The Rockefeller interests also sent Robert Chandler to the Philippines to develop a "Miracle Rice"; the result was a rice which used three times the previous amount of fertilizer.  This rice matured in four months instead of the previous six months, producing three crops a year instead of two.  When two Philippine groups of wealthy entrepreneurs began to contest each other for local spinoffs of the profits of "Miracle Rice," the Rockefellers decided to oust one group, the Marcos combine, replacing it with the Aquino faction, which had close ties to the Chase Manhattan Bank, and which could be depended on to pay interest on loans.  As usual, Rockefeller "philanthropy" was closely inter-linked with markets, profits and political control.  Modern fertilizer is a petroleum based industry.
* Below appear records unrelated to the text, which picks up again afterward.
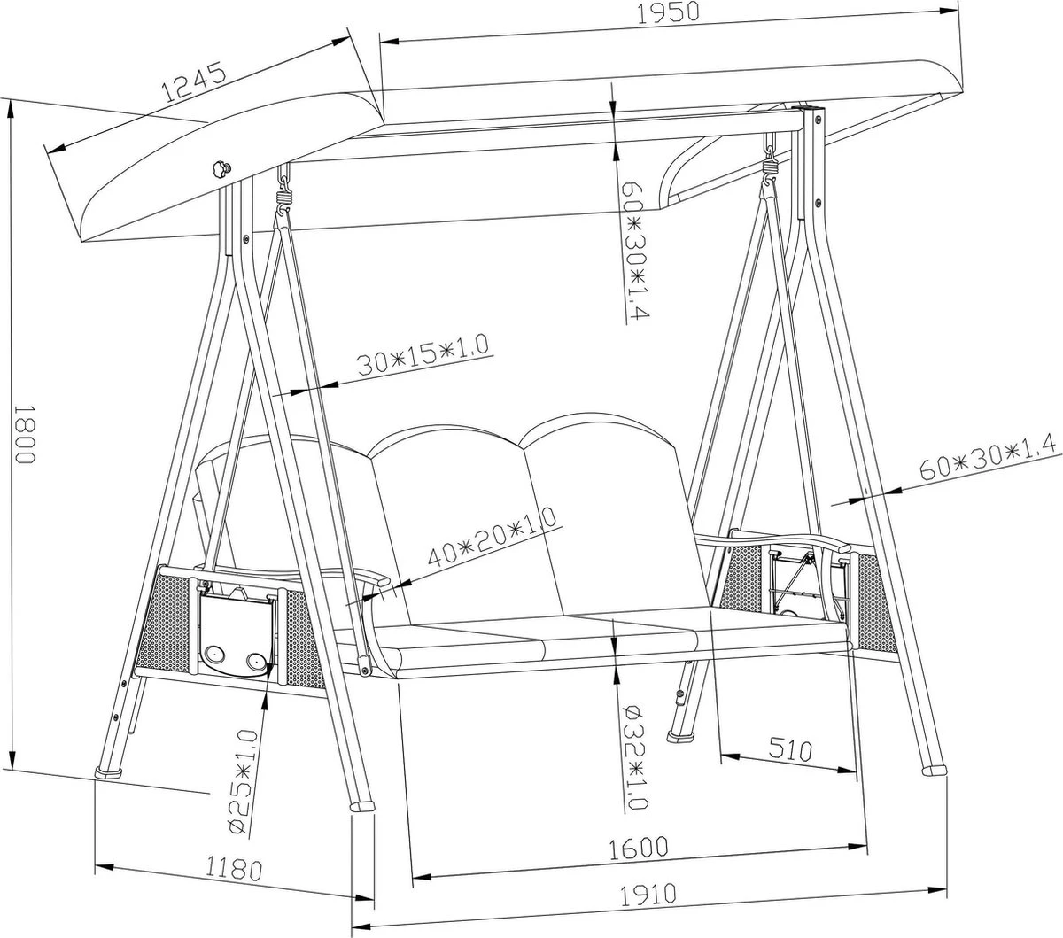 Royale drie zits schommelbank met een stabiele constructie gemaakt van staal, afgewerkt met een hoogwaardige bronskleurige poedercoating. De combinatie van de comfortabele kussens, waaronder รฉรฉn hoofdkussen, handige plateauโs waar u uw drinken of eten op kunt zetten en zonnescherm zullen zorgen voor een perfect rust moment.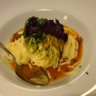 Dampfend im tiefen Teller serviert. Das Filet butterzart, ebenso die fein geschnitten Tintenfischringe. Die Rumsauce sehr dezent. Der Kürbis als kleine Würfel und Prürre. 2 locker-luftige Maisblinis dazu. Eine Beilage, die es ja selten gibt.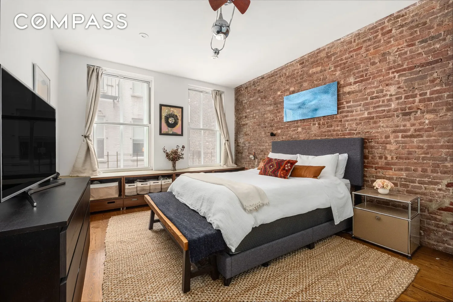 A hallway leads to a large laundry room featuring a full-size washer and dryer, followed by a thoughtfully designed full bathroom. The secondary bedroom features exposed brick and two north-facing windows with functional built-ins below, adding character and charm.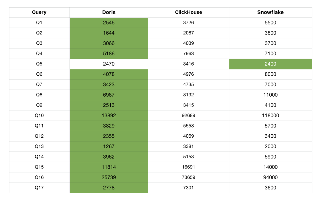 在 72 亿行数据的规模下,比 ClickHouse 略快一点,比 Snowflake 快 8 倍。 通过分析数据发现,实际是 Q16 显著的拖慢整体的查询的耗时(对于这个查询我们也发现了一个 Apache Doris 正在进行的关于数据倾斜的优化点),如果剔除它,Doris 的性能表现依旧是 2 倍领先 ClickHouse,17 条查询中有 14 条 Doris 是最快的,所以 Doris 依然是又快又省的最佳选择。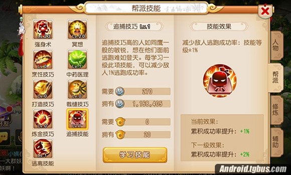 追捕技巧高的人如同鷹一般的敏銳,想在他們面前逃跑難如登天。每學習一級逃離技能,可以減少敵人1%的逃跑成功率。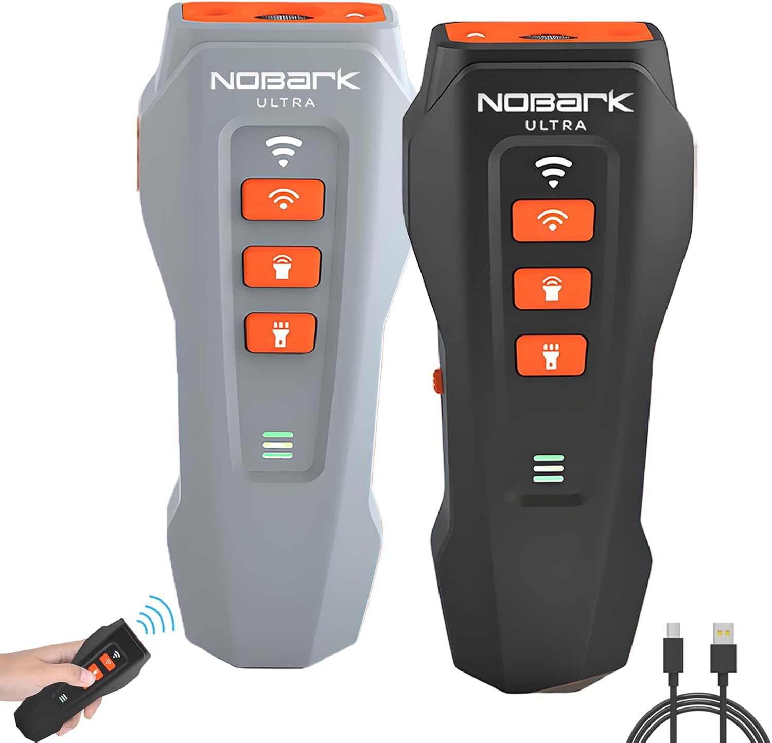- [Humane and Safe Sonic Technology]: No Bark Ultra provides a gentle yet effective training solution. It uses safe ultrasonic sound waves to capture your dog's attention and discourage unwanted behaviors without any pain, shock, or stressβideal for all breeds and sizes.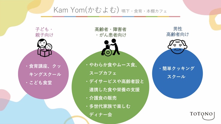 「TOTONOU」には、私たちがこれまで行ってきた事業である美容室、アピアランスサポートセンターが入るほか、全国でもめずらしい嚥下食を提供するカフェに本棚を併設した「Kam Yom」などの施設をオープンします。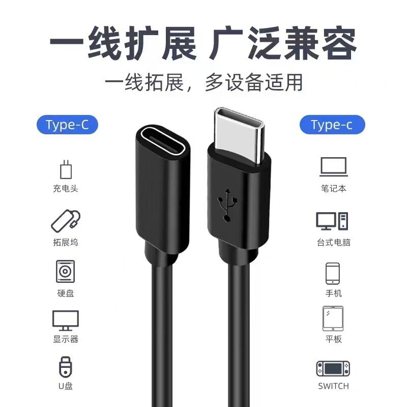 📚 USB Typec母对公充电数据线延长线USB转Type-C手机转接延长数据线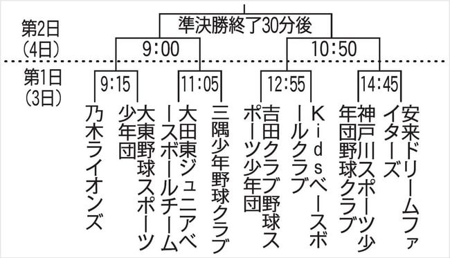 JAカップ第41回島根県学童軟式野球選手権大会(県軟式野球連盟、山陰中央新報社主催、JAしまね、JA共済連島根特別協賛)が3、4の両日、松江市営野球場(松江市上乃木10丁目)で開かれる。各地区予選を勝ち抜いた8チームを紹介する(メンバー表の選手は、左からポジション、氏名、学年の順。◎は主将)。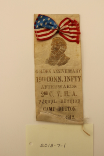 Ivory silk G.A.R. golden anniversary ribbon with American flag at top with metallic ribbon at center to create a bow. Printed in gold on the ribbon is a three-quarter profile of Dr. B.F. Stephenson, founder of the G.A.R., followed by "GOLDEN ANNIVERSARY / 19TH CONN. INFTY / AFTERWARDS / 2ND C.V.H.A. / ANNUAL REUNION / CAMP DUTTON / SEPT. 11, 1912." Slits were made at the bottom of the ribbon. Top of ribbon is folded over to back and a long stick pin secured. Sticker paper label on back.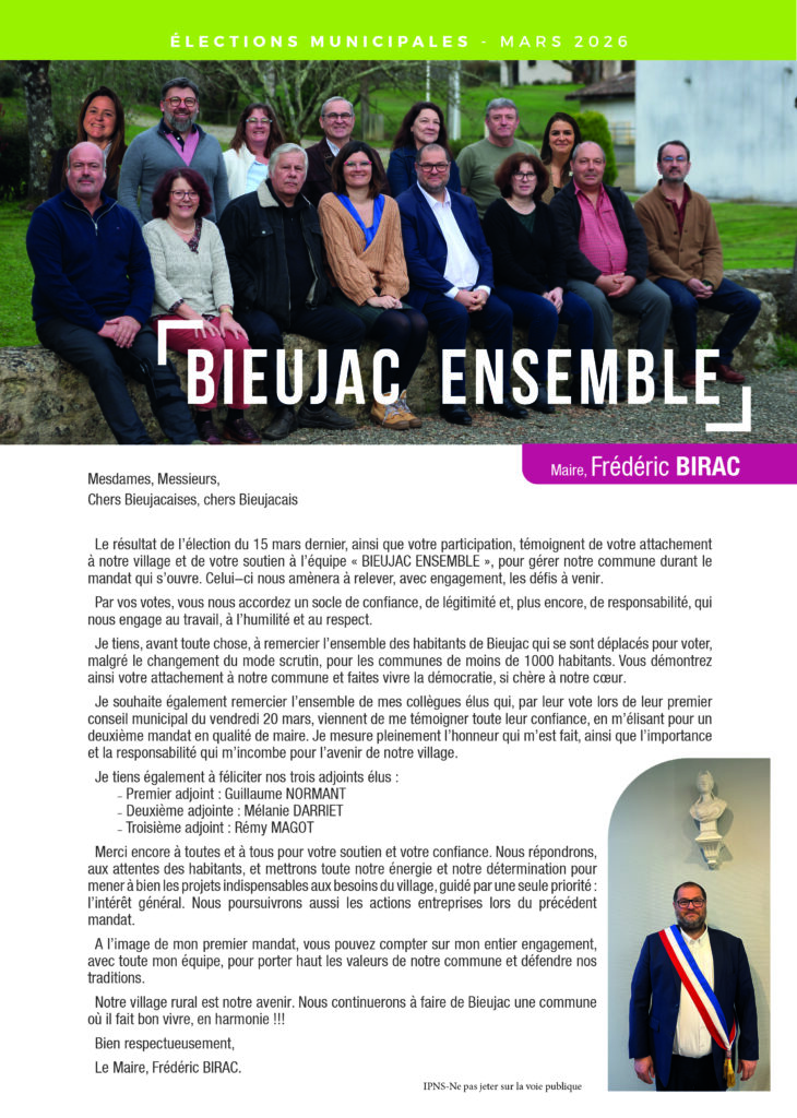 24 mars 2026 In accueil, Actu'Bieujacaise, Citoyenneté0 Comments Lettre de REMERCIEMENTS aux Bieujacaises, Bieujacais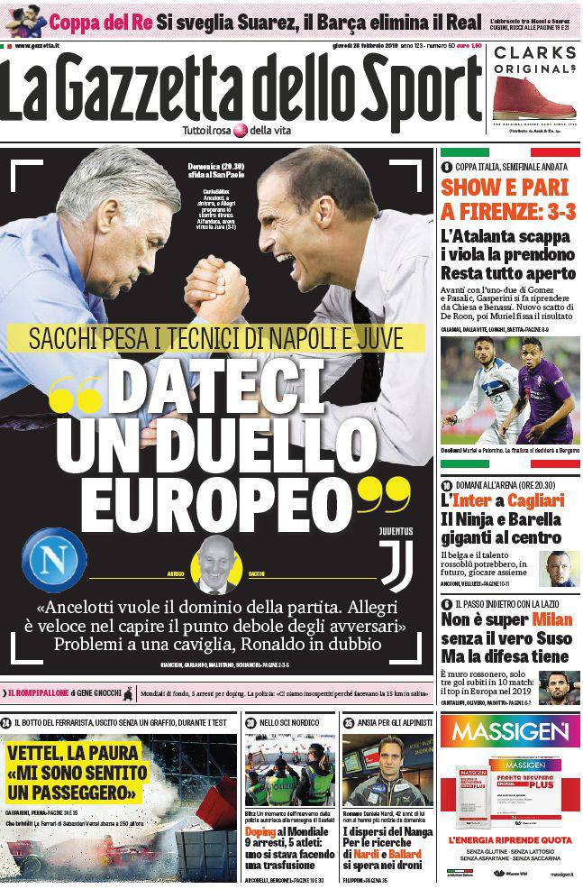 Gazzetta, Corriere dello Sport, Tuttosport: prime pagine 28 febbraio 2019 28/02/2019 - 07:49 di Matteo B.

At the conclusion of the Second World War, the munitions manufacturers found themselves faced with huge inventories of nitrates.  Because of the outbreak of peace, which is always regarded with horror by the philanthropic foundations, new markets had to be found, and quickly, for these commodities.  Nitrogen and nitrates were key ingredients in the manufacture of bombs and shells.  A comparable peacetime market had to be developed.  Following the precept which they had established after the First World War, when the monopolists, faced with a huge supply of leftover chlorine, which had been manufactured at great expense to cause intensive suffering and death, found that the only possible market was to sell it to American communities, who would then pour it into their water supplies, it was decided in 1945 that the only outlet for the huge inventory of nitrates was to put it into the food chain, as fertilizer.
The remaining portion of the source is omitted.